SimonDanisch avatar Apr 16 '18 14:04 SimonDanisch

In other words, switching OS might not help you that much. I had huge problems with GPU support on Ubuntu, especially with AMD. Windows is the only rock solid platform for GPUs... But ironically, a lot of frameworks, including our CUDAnative.jl, don't support Windows that well (CUDAnative needs a julia source build on 0.6 - 0.7 actually works fine as well). The good news: this is likely just a small mix up in the driver and we should be able to figure it out. We just need to isolate what's actually going wrong!

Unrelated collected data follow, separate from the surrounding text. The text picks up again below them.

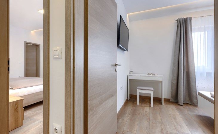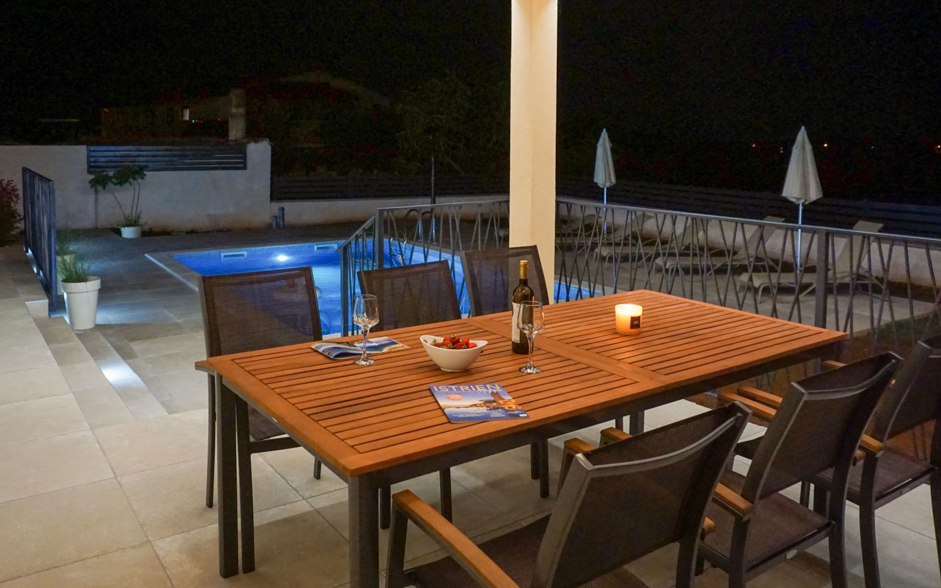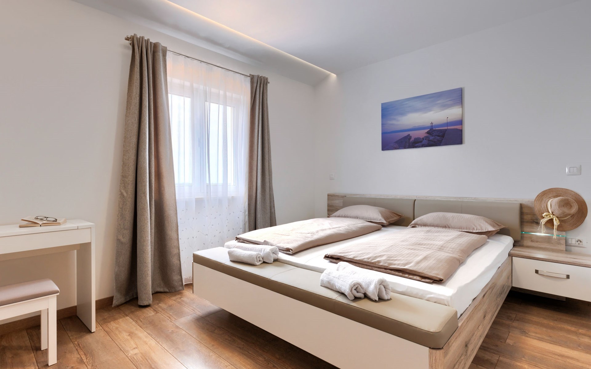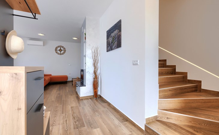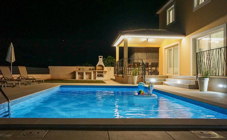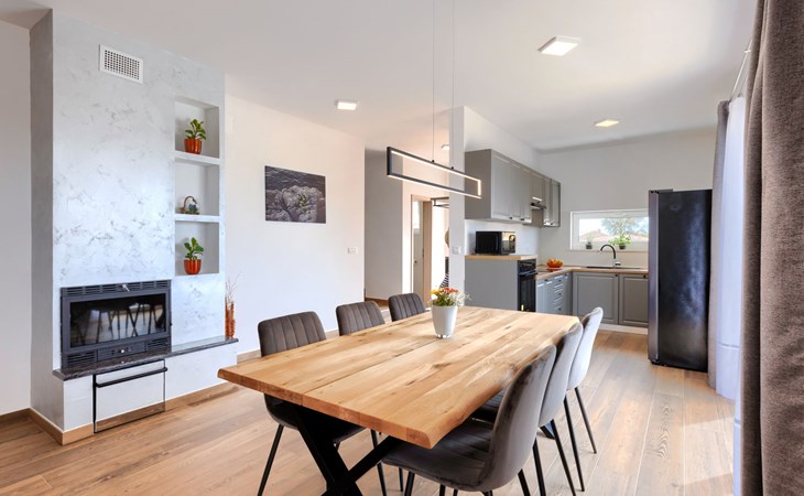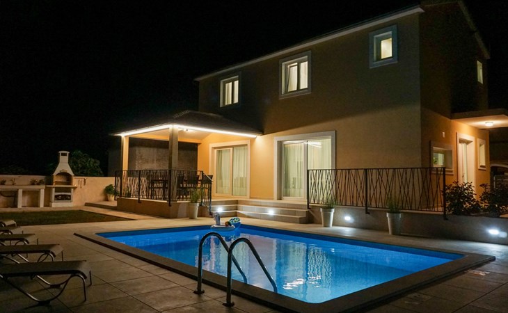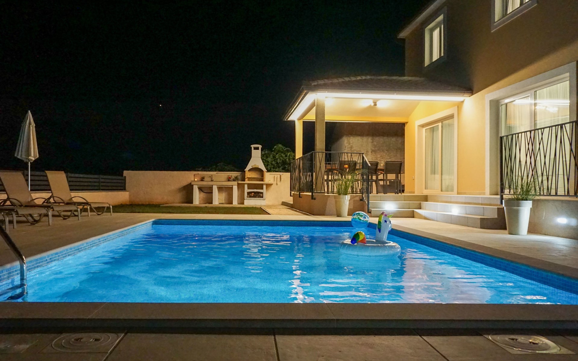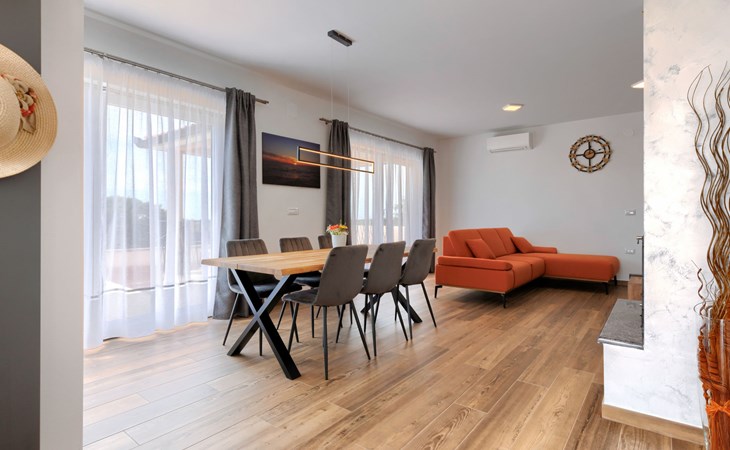 Mooi eengezinswoning "Villa Dora", van 2 verdiepingen, bouwjaar 2023. In het gehucht Jadreški, 7.5 km van het centrum van Pula, rustige, zonnige ligging, 7 km van zee. Voor alleengebruik: terrein 394 m2, tuin met gazon, openluchtzwembad hoekig (6 x 4 m, 150 cm diepte, seizoensgebonden beschikbaarheid: 01.Mei. - 15.Okt.). Buitendouche, barbecue. In het huis: internetaansluiting, wasmachine. Parkeerplaats (voor 2 auto's) bij het huis op het terrein. Winkel 150 m, supermarkt 5 km, restaurant 3.2 km, bushalte 280 m, zandstrand 7 km kiezelstrand 7 km. Wandelroutes 100 m vanaf het huis, fietspad 150 m. Attracties in de buurt: Amphitheater 8 km, NP Brijuni 14 14 km, Nature park Rt Kamenjak 17 km. Geschikt voor families. De eigenaar accepteert geen jeugdgroepen. Vliegveld 7 km van het huis.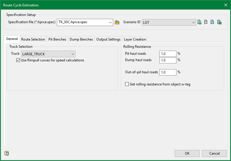 Note If you are running the Route Cycle Estimation for a route flagged as ‘Ore' the panel for Dump Benches will be disabled since these are no dump benches in an ore route.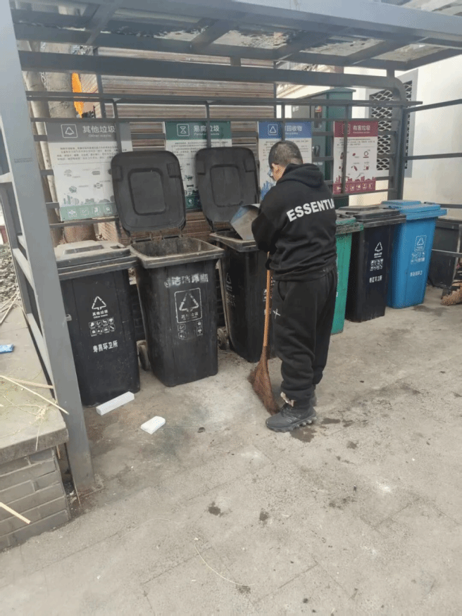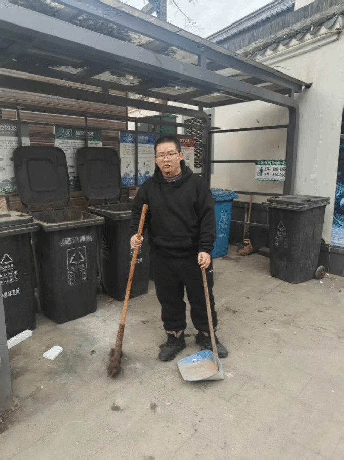 这一次我返家乡参与的志愿者服务是帮助社区清洁小区卫生,主要是对小区的弄堂口和街道广场以及倒垃圾处进行清理。起初我以为这只是简单的体力劳动,真正动手才发现,每一处都藏着不易。弄堂口狭窄逼仄,陈年油污和顽固污渍黏在地面,普通扫帚根本扫不干净,只能蹲下身用钢丝球一点点擦拭;街道广场上,落叶与烟头、塑料袋混杂,被风卷到角落和缝隙里,弯腰捡拾久了,腰腹阵阵发酸;最棘手的是垃圾投放点,异味刺鼻不说,散落的厨余垃圾和废弃包装缠在一起,清理时既要小心不弄脏衣物,又要确保分类归置,稍不留意就会遗漏。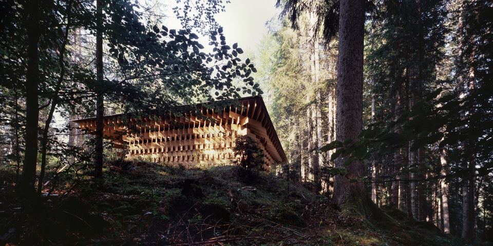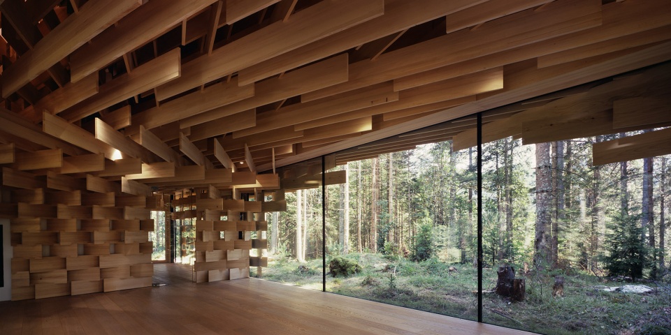 該建筑以生長(zhǎng)在場(chǎng)地附近的冷杉樹(shù)為主要材料,3厘米寬的木板像樹(shù)枝一樣堆疊起來(lái),在廣闊的森林和精致的建筑間形成一種柔和的過(guò)渡。小屋同樣也充當(dāng)了使人融入森林的媒介。陽(yáng)光透過(guò)枝葉間的縫隙從天窗透進(jìn)室內(nèi),帶來(lái)森林中常常可以體驗(yàn)到的“komorebi”(木漏れ日)般的效果。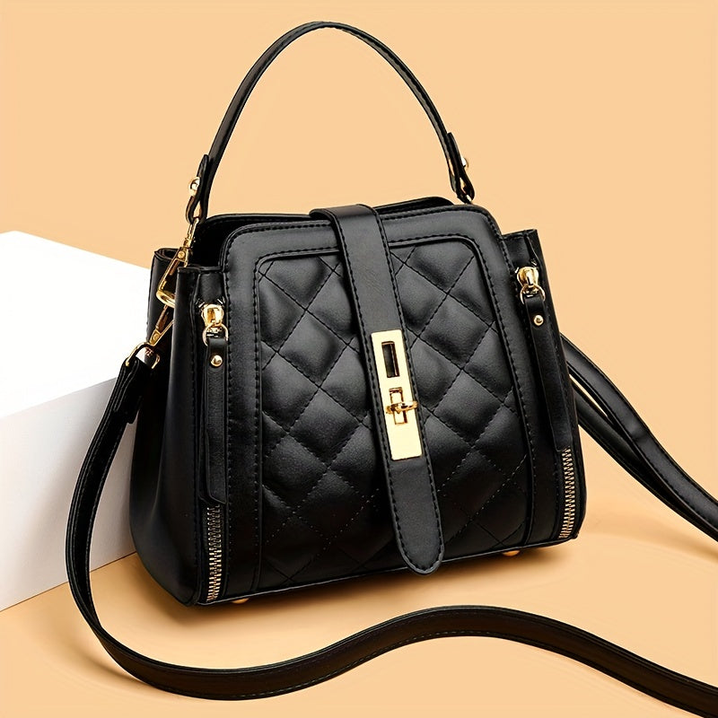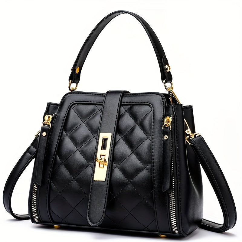 solvbao Stylish Argyle Quilted Handbag For Women, Retro PU Leather Crossbody Bag, Top Handle Zipper Purses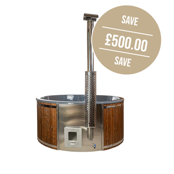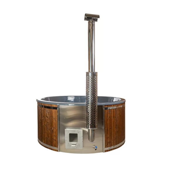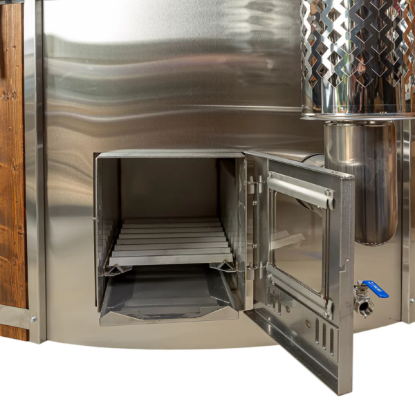 This model features a fully integrated stainless steel stove (Ansi 304, 35 kW), which is built into the tub structure—saving space around the unit and making it ideal for smaller yards or terraces. With a water capacity of 800 liters, the Elite tub heats up quickly: approximately 1.5 hours in summer and 2.5 hours in winter, using softwood or hardwood fuel.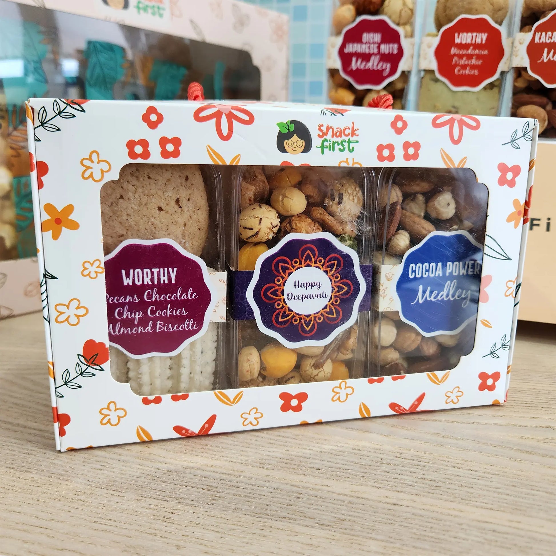 对于个别零食盒,您可以在此处查看清单: 定制零食盒如需定制重量和口味,请致电6684 1769 联系我们或发送电子邮件至 更多详情请联系@snackfirst.com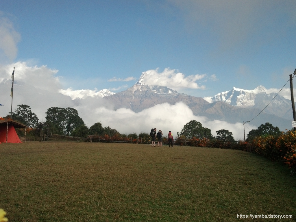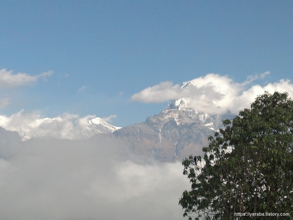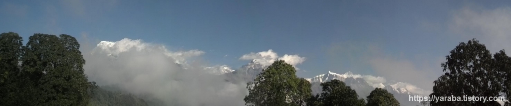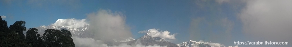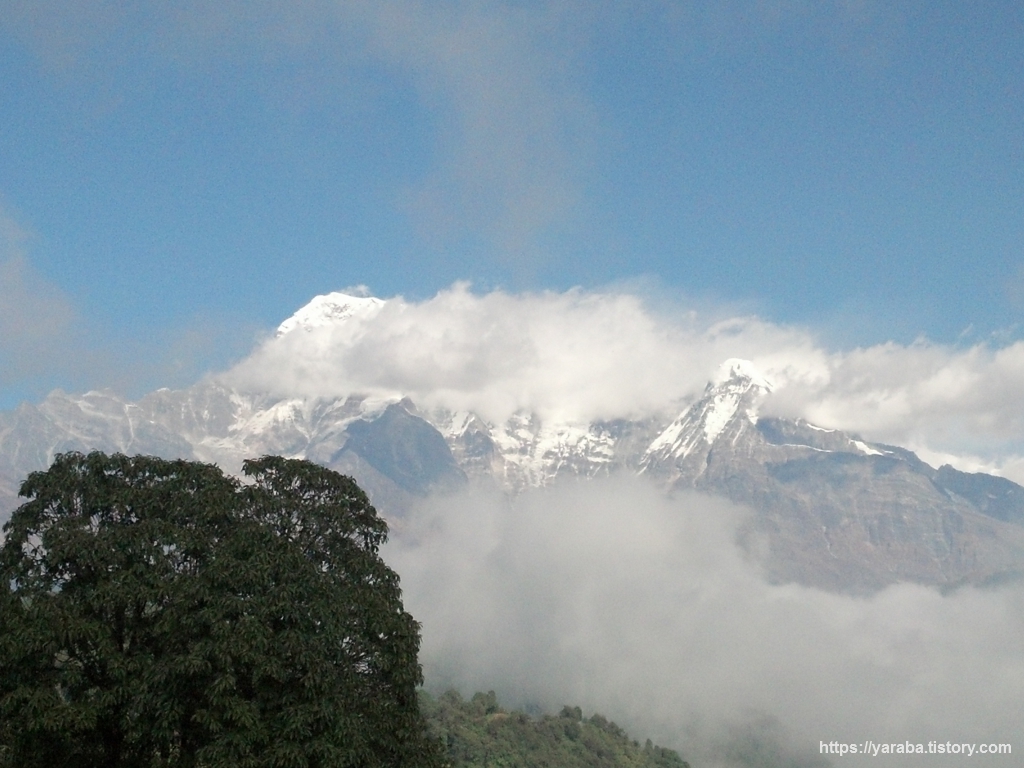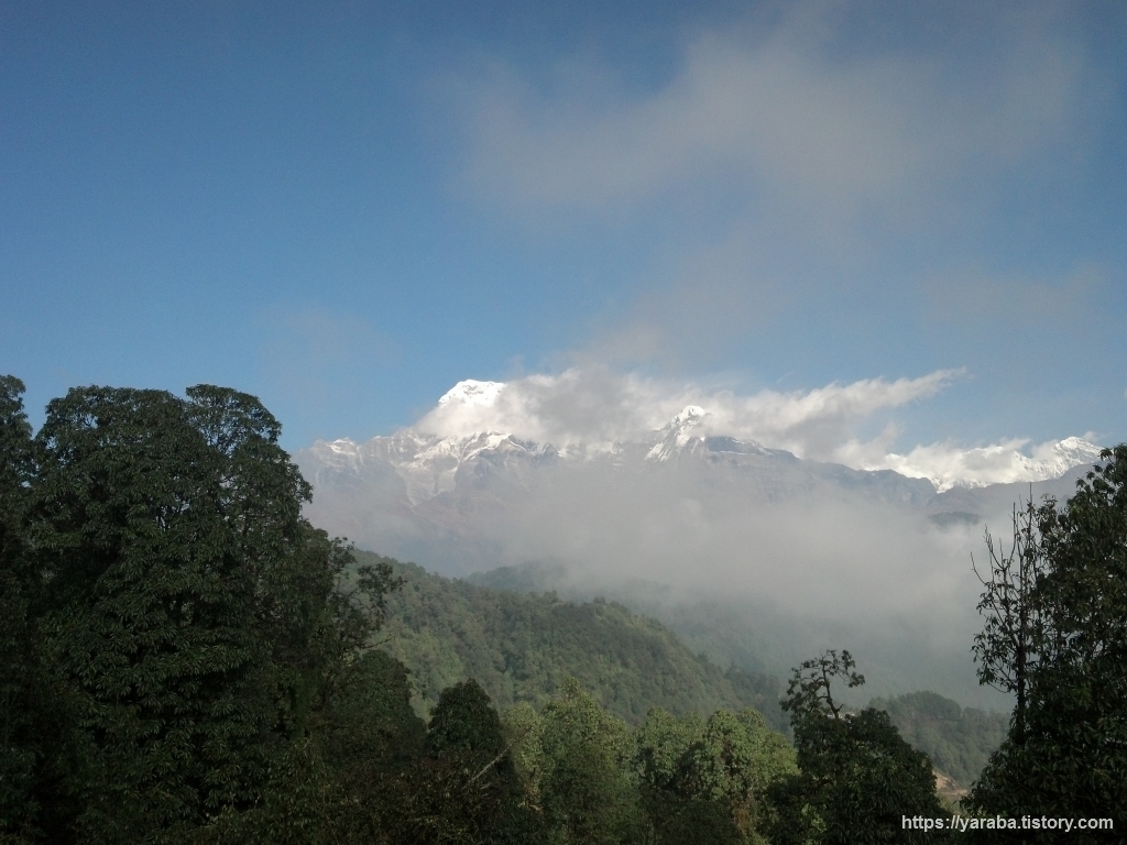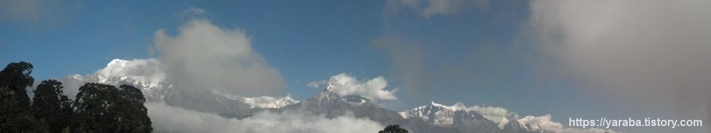탁 트인 공간에서 바라보는 안나푸르나 산군의 모습도 일품입니다. 오전 11시가 조금 넘어가는 시간인데 맑은 하늘에 흰구름들이 계곡을 따라 쌓이기 시작합니다.

SimonDanisch avatar Apr 16 '18 14:04 SimonDanisch

Thank you for your help!

The output of the code you posted is this:

Test Summary:                                                                         | Pass  TotalERROR (unhandled task failure): OpenCL Error: OpenCL.Context error: 
Stacktrace:
 [1] raise_context_error(::String, ::String) at /Users/davidbuchaca1/.julia/v0.6/OpenCL/src/context.jl:109
 [2] macro expansion at /Users/davidbuchaca1/.julia/v0.6/OpenCL/src/context.jl:148 [inlined]
 [3] (::OpenCL.cl.##43#44)() at ./task.jl:335

Device: OpenCL.Device(AMD Radeon Pro 580 Compute Engine on Apple @0x0000000001021c00) |  745    745

davidbp avatar Apr 16 '18 17:04 davidbp

745 745 I guess that's the tests that pass? If true, that means most of the tests do actually pass :)

I should really try to fix this OpenCL task error to finally get the real error message.. I've tried that a couple of times, but since I was never able to reproduce, I never fixed it a 100%.

Maybe it's really just some problems with the launch parameters being too big. Memory shouldn't be a problem, since you seem to have 8gb VRAM.

SimonDanisch avatar Apr 16 '18 19:04 SimonDanisch

Is there any way to see the available memory at a given time? I can confirm that the GPU has 8 GB of ram. Let me know if you want me to do more tests. I really want CLArrays to be pushed further :) and have more users.

davidbp avatar Apr 16 '18 19:04 davidbp

Thank you! Can you check, that Pkg.status("OpenCL") is at least v0.6.1? I think that was my last attempt at fixing that task error.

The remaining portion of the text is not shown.